An LED is a welcome replacement for traditional light sources. On an aircraft, LEDs are gradually being used more and more for the purposes of indication and warning.
Anti collision lights (the flashing lights seen on an aircraft)are either red or white in colour. White anti collision lights use white LEDs, and red anti-collision lights use either red, or red orange LEDs.
The one problem with an LED is the relationship between light output and temperature. The luminous flux falls with temperature, as shown below:
The CREE XPE Red LED, for example, is about 30% efficient. The remaining 60% energy is given off as heat, and this heat results in the rise in temperature of the LED.
For anti collision lights, the effective intensity must be determined in accordance with the Blondel Rey equation, which, simply put, mathematically states that as the pulse duration is increased, the light appears brighter. This relationship between apparent brightness and the “on” duration of the pulse is non linear.
So we are faced with a conflicting situation: Increasing the pulse “on” duration will make the light appear brighter, allowing for fewer LEDs. But increasing the pulse duration increases the average heat dissipated per LED. There must be a pulse duration that strikes the best balance between the two conflicting requirements. That’s what we shall uncover here.
To begin with, let’s assume that we have a design wherein each LED contributes 50cd of light. Lets further assume that we are building a light that has an effective intensity of 400cd. If we were to flash the light for only 5ms, we would need an LED intensity of 400*41 = 16,400cd. (The 41 coming from the inverse of the Blondel rey factor for a 5ms pulse = 0.0244) This would be met by 16,400/50 = 328 LEDs. On the other hand, if we were to flash the light for 1s, we would need an LED intensity of 480cd. This would be met by 9.6 LEDs.

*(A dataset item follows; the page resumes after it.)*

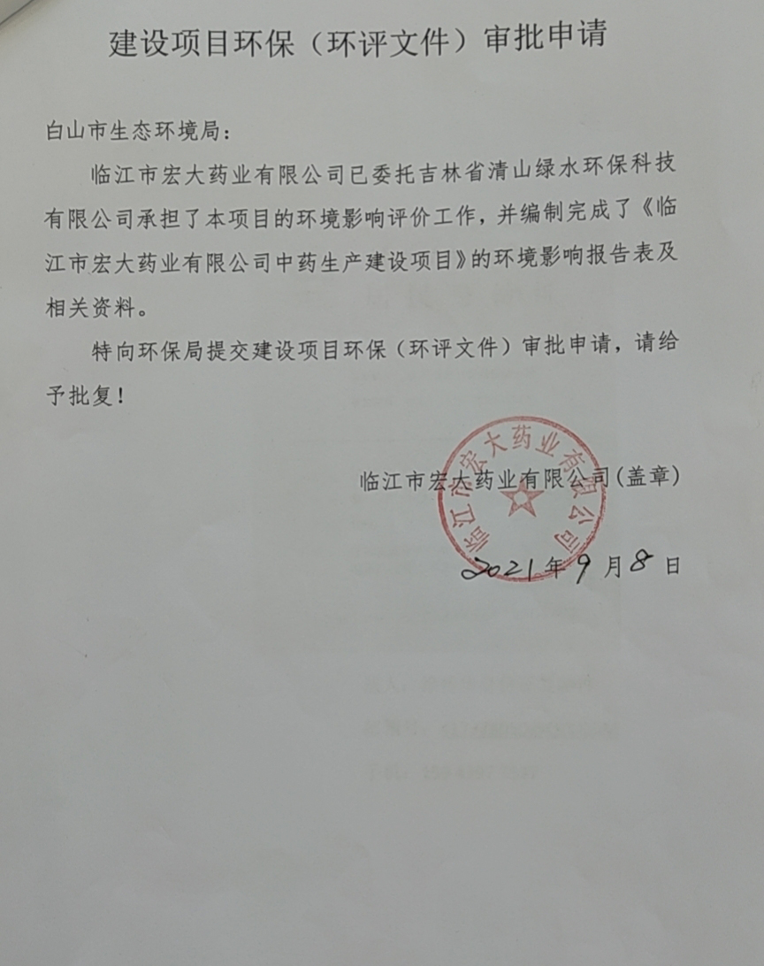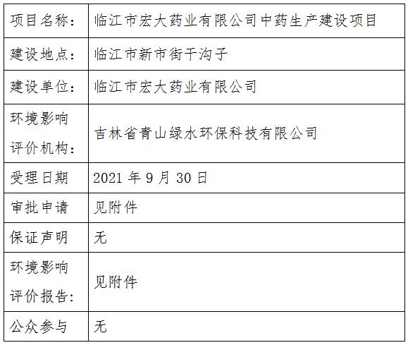 根据建设项目环境影响评价审批程序的有关规定,现将临江市宏大药业有限公司中药生产建设项目环境影响报告表受理情况予以公示,公示期为7个工作日。自公示之日起,建设单位和利害关系人享有要求听证的权利。

Now each red LED drops about 2.3V, at 700mA. The power dissipated per LED is 1.61W. For a flash rate of 42 flashes per minute, the gap between two successive flashes is 1.428s. Thus, the average power in the 5ms case is = 0.005s/1.428s * 328 LED* 1.61/LEDW = 1.85W. The average power in the 1s case is = 1s/1.428s * 9.6 LED * 1.61W/LED = 10.82W.

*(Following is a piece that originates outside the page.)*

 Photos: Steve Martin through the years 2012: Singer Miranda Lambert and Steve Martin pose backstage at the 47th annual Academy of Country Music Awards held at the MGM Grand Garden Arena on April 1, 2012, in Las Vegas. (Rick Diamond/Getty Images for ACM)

While we may have thought that 328 LEDs generate more heat than 10 (9.6) similar LEDs, the above calculations show that the pulse duration also determines the average heat dissipated.
The graph below shows three curves: Required number of LEDs, Power dissipated, and LED-Power product. The number of LEDs are determined using the Blondel Rey equation, with the 400 effective candela target, and the 50cd/ LED value. The power is determined by as the average power dissipated by the LEDs. The power increases with the pulse duration, despite the fact that the number of LEDs are dropping (as seen in the blue curve). However, the product of number of LEDs required and the power dissipated hits a minima at 200ms. That is the optimal flash duration.
The interesting thing about this is that, the minima is always reached at 200ms, irrespective of the flash rate. So if you were to flash a light designed inaccordace to the Blondel-Rey equation with a flash rate of 60 flashes per minute, the minima at 200ms will yield a minimum power-LED product of 82.4Watts-LED. If one were to flash this same system at 42 flashes per minute, the 82.4Watts-LED product is now seen at 685ms, but the minima is still at 200ms, with 57.7Watts-LED. The 200ms is reached irrespective of the optical design of the system , or the target intensity.
Infact, most LED anti collision lights (see any LED anti collision you can lay your eyes on), flash at 200-300ms. Simple, isn’t it?
Conclusion: Flash your LEDs at around 200ms pulse width. Reduce the flash rate to the minimum possible. That way, you will save on LEDs, and have the lowest heat for the given thermal system.